A coordinated “mega-wave” of raids has exposed an alleged major money laundering and tax evasion scheme involving soccer clubs in Argentina, Uruguay, and Chile.
Around 150 simultaneous raids last week targeted offices of major clubs and players’ representatives and homes of club officials in Argentina and the offices of four major financial institutions, including the Royal Bank of Canada, in Uruguay. Judicial sources told newspaper La Nacion that the raids uncovered the "central office" for money laundering in Argentine soccer, alleged to have handled transfers worth tens of millions of dollars in recent years. According to La Nacion, the offices belong to Alhec Group, a finance company which operates in Argentina, Chile, and Uruguay and has handled many sales of Argentine players to foreign clubs.
Ten people were arrested in Argentina, including two public officials, one of whom was the Inspector General of Currency Control.
InSight Crime Analysis
The use of soccer clubs for money laundering is a decades-old phenomenon in Latin America, coming to particular prominence in Colombia during the 1980s, when major drug traffickers openly bought up their local teams and played out their rivalries on the field.

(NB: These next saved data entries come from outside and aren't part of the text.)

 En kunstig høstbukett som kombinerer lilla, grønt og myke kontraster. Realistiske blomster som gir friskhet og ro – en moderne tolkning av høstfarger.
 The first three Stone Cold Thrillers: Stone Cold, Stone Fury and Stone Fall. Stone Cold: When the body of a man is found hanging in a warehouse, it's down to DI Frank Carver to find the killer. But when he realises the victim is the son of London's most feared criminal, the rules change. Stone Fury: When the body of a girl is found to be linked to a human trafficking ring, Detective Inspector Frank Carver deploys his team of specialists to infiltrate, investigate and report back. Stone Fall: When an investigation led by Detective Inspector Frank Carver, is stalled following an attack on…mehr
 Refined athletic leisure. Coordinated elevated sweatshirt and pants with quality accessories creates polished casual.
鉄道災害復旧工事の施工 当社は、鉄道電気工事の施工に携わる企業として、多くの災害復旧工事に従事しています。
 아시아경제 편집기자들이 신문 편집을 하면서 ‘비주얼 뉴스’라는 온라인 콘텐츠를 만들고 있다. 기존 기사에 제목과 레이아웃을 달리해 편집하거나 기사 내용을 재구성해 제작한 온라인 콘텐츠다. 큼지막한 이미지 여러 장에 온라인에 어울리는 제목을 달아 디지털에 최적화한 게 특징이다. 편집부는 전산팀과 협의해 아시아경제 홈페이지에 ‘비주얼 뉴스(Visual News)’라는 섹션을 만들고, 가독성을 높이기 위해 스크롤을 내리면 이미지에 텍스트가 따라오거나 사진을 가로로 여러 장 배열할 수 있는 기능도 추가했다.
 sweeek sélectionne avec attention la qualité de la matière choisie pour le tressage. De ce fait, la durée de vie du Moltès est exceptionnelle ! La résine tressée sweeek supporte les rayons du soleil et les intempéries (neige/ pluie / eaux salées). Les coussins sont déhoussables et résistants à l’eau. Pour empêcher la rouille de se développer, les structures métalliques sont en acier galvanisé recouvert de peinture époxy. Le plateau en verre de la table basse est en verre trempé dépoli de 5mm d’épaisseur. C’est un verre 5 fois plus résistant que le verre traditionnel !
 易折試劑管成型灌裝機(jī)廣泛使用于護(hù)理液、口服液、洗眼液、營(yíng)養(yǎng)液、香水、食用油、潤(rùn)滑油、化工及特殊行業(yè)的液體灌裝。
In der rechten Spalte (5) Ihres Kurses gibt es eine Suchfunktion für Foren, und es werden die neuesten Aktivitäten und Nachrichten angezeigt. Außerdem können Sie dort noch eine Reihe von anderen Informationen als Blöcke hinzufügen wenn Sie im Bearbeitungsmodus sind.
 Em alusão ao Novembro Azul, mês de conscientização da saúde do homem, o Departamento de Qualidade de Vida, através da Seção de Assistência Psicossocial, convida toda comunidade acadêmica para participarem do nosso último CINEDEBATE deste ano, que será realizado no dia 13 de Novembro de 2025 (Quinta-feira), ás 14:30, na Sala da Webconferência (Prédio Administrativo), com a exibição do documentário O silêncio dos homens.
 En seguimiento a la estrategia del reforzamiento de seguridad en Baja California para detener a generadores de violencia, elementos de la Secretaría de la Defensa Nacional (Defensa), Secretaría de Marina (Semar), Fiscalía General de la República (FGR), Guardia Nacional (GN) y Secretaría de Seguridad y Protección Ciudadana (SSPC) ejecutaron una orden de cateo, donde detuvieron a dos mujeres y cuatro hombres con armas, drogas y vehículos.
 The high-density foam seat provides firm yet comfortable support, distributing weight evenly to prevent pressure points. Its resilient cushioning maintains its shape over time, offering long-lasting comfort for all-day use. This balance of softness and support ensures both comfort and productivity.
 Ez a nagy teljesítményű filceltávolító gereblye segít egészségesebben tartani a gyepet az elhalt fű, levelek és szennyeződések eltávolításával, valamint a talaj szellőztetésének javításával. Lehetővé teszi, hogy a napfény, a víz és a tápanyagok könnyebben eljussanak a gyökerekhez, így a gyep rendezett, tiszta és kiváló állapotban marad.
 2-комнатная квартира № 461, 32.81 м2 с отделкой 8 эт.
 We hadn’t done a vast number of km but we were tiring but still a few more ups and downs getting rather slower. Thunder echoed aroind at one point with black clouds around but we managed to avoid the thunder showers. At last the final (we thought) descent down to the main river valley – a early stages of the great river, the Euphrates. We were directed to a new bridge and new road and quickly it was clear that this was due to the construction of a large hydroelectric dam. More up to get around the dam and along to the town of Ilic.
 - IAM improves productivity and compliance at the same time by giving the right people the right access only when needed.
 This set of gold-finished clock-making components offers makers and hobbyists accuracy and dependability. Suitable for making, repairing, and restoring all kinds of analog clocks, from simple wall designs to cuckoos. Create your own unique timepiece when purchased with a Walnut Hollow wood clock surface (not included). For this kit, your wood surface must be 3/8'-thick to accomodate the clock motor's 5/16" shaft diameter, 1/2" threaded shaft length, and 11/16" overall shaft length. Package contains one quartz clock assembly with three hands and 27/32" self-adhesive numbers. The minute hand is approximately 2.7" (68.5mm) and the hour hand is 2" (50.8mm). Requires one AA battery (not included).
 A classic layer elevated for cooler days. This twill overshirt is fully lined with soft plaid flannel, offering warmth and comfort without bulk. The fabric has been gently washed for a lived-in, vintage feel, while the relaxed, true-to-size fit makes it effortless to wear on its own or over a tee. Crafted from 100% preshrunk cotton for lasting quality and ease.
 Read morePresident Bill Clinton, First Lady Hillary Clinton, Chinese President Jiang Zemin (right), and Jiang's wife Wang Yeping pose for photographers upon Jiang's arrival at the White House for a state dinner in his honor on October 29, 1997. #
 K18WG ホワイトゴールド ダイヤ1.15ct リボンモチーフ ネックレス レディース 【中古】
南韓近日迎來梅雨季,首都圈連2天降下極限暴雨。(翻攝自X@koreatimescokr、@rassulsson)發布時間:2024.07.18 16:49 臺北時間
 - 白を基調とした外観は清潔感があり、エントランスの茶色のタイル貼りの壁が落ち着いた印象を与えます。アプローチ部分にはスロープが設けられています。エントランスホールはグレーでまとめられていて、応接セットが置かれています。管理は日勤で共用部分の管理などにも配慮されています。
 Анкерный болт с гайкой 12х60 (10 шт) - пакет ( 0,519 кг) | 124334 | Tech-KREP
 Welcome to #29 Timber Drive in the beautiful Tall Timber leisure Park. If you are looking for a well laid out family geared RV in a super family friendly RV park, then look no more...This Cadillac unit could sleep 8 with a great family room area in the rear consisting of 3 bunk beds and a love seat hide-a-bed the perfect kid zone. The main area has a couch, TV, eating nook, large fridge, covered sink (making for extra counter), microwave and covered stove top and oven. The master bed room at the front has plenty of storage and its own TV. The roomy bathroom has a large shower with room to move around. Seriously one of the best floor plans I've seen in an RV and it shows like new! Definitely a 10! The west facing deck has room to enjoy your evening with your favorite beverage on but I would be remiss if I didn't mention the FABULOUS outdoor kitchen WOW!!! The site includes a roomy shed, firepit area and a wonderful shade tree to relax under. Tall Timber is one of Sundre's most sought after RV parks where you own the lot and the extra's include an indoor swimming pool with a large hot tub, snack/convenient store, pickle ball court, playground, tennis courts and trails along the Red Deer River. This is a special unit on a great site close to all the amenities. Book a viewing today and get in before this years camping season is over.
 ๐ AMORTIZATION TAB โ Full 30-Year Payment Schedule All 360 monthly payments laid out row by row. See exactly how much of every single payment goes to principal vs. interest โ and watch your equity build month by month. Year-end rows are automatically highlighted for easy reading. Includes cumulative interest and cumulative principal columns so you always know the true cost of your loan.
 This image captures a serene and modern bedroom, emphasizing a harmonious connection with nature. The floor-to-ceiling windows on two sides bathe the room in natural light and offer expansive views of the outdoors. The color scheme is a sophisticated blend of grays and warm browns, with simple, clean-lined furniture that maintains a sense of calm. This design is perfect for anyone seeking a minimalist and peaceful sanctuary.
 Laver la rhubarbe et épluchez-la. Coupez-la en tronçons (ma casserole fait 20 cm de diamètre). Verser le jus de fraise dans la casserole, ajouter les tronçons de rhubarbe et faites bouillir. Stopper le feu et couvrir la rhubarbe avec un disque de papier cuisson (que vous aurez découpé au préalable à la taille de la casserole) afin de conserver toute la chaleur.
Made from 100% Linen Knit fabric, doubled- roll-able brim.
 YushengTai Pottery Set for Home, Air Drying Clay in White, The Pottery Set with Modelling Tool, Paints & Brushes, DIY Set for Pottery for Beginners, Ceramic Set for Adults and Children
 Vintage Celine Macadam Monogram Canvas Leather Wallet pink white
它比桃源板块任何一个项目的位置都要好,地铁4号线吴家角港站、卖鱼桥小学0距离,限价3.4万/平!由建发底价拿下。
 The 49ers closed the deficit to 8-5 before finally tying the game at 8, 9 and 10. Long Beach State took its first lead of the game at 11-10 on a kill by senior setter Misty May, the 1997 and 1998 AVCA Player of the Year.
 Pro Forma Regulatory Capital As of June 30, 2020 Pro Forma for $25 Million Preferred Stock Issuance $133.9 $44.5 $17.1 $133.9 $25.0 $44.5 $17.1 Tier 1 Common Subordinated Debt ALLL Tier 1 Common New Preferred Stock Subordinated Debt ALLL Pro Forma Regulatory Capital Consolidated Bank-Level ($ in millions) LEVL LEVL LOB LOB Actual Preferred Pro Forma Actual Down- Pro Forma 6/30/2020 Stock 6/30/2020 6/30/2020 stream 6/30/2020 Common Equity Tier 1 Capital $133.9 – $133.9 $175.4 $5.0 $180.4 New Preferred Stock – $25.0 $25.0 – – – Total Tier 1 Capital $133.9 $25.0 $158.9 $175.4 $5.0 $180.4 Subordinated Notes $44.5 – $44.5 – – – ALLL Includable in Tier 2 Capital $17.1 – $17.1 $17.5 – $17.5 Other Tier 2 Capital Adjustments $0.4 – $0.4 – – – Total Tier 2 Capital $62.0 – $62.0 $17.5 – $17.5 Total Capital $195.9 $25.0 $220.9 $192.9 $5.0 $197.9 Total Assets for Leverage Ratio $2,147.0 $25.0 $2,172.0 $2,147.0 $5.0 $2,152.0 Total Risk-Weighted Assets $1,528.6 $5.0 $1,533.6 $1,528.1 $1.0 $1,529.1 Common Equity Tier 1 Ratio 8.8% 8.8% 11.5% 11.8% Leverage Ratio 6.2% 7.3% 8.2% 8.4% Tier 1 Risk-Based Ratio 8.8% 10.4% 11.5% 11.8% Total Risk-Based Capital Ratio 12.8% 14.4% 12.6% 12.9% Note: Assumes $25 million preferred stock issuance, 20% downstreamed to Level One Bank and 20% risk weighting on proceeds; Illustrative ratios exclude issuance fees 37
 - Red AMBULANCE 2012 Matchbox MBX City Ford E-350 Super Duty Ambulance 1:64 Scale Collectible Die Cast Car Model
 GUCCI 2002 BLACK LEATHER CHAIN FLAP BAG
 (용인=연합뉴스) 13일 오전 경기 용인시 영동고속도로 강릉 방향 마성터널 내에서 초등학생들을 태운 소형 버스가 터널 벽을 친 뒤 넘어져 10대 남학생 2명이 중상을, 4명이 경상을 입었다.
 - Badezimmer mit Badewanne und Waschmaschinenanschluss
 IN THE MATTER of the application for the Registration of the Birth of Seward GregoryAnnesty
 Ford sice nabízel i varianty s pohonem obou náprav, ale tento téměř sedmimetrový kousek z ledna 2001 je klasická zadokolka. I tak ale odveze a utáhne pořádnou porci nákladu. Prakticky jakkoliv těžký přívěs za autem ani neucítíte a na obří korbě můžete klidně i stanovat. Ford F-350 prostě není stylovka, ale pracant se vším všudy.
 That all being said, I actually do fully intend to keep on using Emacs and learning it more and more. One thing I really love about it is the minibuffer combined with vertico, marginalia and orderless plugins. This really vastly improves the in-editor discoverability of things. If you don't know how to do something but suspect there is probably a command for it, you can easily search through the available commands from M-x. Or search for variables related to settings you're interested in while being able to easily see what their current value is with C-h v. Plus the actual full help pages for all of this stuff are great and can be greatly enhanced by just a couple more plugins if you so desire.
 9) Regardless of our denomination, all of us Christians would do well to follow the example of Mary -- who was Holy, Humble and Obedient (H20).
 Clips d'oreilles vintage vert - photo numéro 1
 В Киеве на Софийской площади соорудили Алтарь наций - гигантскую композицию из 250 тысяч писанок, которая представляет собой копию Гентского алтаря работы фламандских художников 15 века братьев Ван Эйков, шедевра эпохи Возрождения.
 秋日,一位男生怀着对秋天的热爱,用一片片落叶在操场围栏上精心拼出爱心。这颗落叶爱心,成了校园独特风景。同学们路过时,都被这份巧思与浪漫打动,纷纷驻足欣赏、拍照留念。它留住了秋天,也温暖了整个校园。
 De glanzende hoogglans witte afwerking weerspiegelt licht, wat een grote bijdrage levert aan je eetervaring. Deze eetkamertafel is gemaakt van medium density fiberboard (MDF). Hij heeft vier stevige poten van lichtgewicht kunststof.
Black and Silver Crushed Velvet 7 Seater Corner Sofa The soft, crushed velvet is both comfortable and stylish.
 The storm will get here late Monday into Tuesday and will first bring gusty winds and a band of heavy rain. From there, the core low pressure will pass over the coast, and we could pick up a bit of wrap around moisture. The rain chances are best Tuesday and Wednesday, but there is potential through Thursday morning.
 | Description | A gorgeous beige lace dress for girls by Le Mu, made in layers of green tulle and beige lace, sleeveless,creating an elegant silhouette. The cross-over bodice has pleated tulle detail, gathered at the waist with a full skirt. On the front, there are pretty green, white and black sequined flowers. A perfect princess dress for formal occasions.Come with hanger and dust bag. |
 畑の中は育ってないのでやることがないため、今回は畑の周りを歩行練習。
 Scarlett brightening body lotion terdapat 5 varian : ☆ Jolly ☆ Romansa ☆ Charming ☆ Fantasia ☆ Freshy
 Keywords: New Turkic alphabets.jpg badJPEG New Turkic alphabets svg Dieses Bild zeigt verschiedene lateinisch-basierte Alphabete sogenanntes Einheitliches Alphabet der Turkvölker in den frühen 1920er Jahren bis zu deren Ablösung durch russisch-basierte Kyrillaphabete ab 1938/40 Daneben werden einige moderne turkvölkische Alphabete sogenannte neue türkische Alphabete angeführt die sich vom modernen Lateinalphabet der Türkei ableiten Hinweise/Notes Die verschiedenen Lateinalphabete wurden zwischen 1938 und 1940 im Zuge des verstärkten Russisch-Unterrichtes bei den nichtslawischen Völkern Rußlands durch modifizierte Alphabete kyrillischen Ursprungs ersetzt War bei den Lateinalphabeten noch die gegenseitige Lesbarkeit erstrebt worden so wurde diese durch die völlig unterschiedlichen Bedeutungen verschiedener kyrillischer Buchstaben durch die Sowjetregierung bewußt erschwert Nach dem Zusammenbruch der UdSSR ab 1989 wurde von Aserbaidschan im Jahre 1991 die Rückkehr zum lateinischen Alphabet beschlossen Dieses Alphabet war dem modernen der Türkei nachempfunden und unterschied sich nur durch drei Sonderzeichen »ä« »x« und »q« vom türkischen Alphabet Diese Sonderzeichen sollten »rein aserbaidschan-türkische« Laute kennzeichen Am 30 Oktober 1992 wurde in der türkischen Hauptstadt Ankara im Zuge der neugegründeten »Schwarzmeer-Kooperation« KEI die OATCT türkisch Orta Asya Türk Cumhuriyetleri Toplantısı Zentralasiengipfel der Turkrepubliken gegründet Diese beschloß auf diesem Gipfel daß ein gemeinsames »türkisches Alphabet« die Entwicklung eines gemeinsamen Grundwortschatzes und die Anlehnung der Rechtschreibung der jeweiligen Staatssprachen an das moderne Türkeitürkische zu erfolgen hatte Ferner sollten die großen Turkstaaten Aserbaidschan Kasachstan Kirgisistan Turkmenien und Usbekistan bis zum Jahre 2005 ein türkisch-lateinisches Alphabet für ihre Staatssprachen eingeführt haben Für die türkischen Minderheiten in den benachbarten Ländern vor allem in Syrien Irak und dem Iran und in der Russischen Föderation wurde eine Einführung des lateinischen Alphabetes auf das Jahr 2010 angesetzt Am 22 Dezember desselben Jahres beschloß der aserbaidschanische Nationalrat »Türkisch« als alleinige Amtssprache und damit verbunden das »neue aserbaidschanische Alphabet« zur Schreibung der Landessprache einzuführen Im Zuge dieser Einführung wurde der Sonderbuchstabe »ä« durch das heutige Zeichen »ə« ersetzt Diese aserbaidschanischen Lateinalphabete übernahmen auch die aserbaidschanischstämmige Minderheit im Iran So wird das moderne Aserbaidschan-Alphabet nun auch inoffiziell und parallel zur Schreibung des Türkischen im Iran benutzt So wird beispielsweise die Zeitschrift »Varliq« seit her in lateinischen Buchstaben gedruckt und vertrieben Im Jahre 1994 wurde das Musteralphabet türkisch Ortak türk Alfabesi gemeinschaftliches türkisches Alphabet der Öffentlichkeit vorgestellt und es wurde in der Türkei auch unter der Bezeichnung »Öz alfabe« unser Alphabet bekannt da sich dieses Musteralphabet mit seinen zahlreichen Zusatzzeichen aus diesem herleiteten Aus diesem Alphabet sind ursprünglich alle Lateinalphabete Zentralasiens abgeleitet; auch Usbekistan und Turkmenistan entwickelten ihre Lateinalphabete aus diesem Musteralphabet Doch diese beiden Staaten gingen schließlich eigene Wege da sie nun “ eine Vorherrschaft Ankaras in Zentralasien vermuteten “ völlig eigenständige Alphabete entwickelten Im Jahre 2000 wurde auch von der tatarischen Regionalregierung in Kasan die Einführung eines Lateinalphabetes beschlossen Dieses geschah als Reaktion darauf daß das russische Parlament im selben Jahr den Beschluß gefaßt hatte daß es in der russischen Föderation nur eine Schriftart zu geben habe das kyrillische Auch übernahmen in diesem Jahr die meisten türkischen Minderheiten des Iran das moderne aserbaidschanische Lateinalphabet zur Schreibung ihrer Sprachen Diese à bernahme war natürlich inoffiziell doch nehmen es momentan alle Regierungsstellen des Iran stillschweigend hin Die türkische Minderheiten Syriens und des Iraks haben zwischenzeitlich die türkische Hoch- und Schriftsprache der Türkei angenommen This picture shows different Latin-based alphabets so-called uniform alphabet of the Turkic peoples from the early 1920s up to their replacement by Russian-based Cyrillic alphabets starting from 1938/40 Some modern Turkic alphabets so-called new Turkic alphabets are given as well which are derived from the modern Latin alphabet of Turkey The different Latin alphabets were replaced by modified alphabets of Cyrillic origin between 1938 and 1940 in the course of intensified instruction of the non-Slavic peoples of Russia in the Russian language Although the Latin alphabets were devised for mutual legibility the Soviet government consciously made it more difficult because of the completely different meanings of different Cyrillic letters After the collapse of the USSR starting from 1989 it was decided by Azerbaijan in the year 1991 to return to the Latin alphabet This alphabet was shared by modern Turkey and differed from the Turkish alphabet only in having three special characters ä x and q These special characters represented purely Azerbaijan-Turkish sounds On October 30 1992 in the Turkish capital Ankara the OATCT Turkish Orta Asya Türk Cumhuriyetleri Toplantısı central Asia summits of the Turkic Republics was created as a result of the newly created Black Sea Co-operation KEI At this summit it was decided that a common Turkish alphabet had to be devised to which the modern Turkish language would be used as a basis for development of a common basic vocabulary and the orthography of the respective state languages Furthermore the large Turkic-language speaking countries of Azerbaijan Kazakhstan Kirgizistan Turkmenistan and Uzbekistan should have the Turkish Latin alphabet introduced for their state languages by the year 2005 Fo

More recently, an investigation into the finances of Bogota club Santa Fe led investigators to Luis Agustin Caicedo Velandia, alias "Don Lucho," a major drug trafficker previously living incognito in Buenos Aires, where he was arrested in 2010. It has since been suggested that, alongside the Alvarez Meyendorff brothers, Don Lucho laundered up to $1.5 billion through Colombian soccer clubs.
Last week's operation appears to be the culmination of a long-running investigation by Argentina's tax revenue office, which last year saw Argentine soccer player Jonathan Bottinelli charged with tax evasion following a suspicious transfer to another team. More than 140 soccer agents have been suspended, and Alhec Group has been under investigation since last March.
What has not yet been revealed is the exact volume of money concerned. The Bottinelli transfer involved a deposit of $1.7 million into a Miami bank, but the fees for some of the other transfers under investigation have been more than ten times that amount.